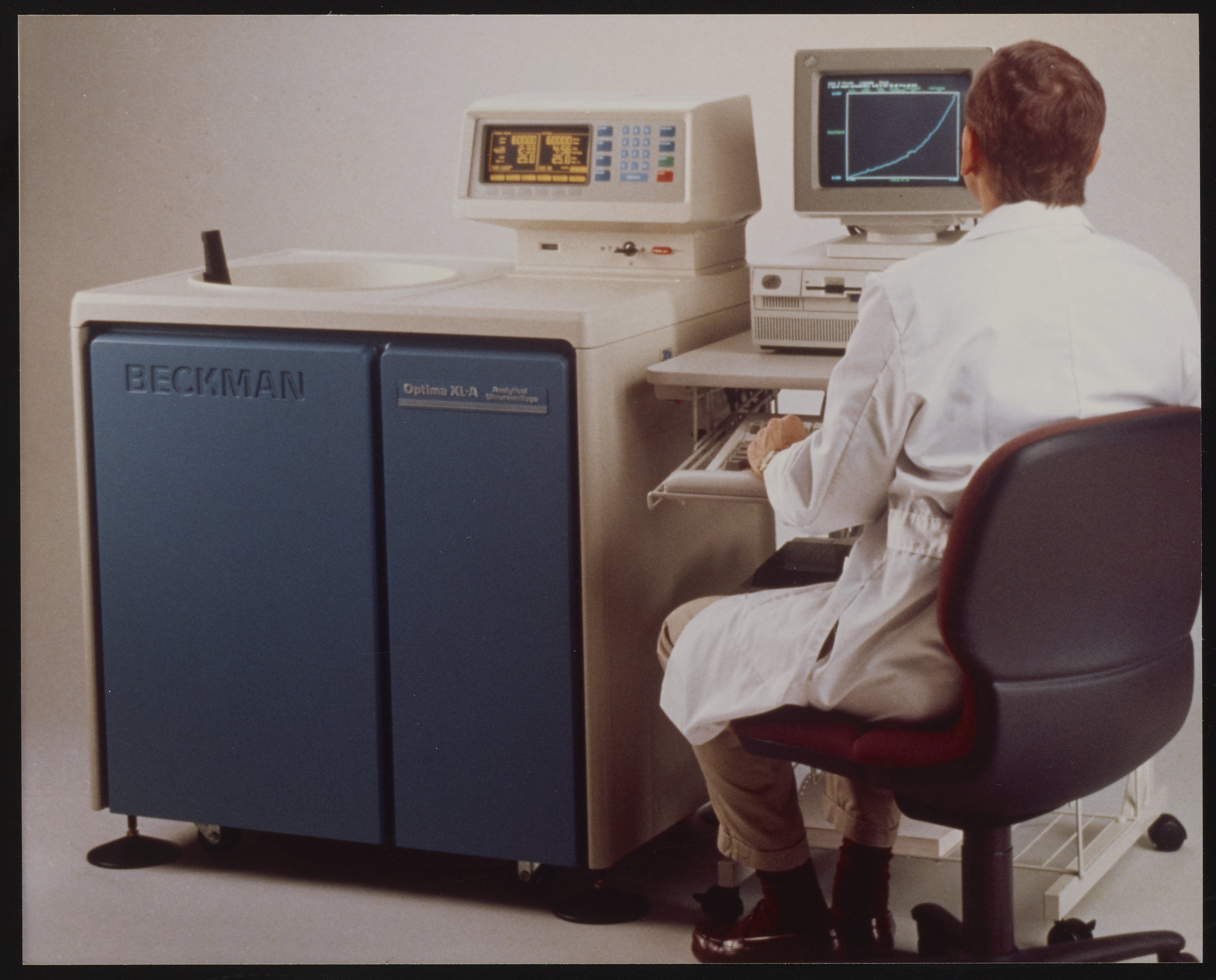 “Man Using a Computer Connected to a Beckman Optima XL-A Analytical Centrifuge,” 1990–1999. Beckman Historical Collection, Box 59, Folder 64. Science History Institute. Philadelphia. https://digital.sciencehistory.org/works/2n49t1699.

------------------------------------------------

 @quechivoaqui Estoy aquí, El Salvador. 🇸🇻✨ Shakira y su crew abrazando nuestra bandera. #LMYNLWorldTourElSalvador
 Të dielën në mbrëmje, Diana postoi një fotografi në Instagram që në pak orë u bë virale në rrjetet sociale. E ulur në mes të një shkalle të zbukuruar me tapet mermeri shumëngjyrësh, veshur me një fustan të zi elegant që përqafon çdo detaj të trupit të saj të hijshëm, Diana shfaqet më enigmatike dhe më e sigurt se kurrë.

------------------------------------------------

WHAT YOU WILL DO | Taking the line with "nuestra bandera. #LMYNLWorldTourElSalvador" as the first and the line with "Të dielën në" as the last, retype that stretch of the data above exactly, with no other lines.

RESPONSE AREA |
 @quechivoaqui Estoy aquí, El Salvador. 🇸🇻✨ Shakira y su crew abrazando nuestra bandera. #LMYNLWorldTourElSalvador
 Të dielën në mbrëmje, Diana postoi një fotografi në Instagram që në pak orë u bë virale në rrjetet sociale. E ulur në mes të një shkalle të zbukuruar me tapet mermeri shumëngjyrësh, veshur me një fustan të zi elegant që përqafon çdo detaj të trupit të saj të hijshëm, Diana shfaqet më enigmatike dhe më e sigurt se kurrë.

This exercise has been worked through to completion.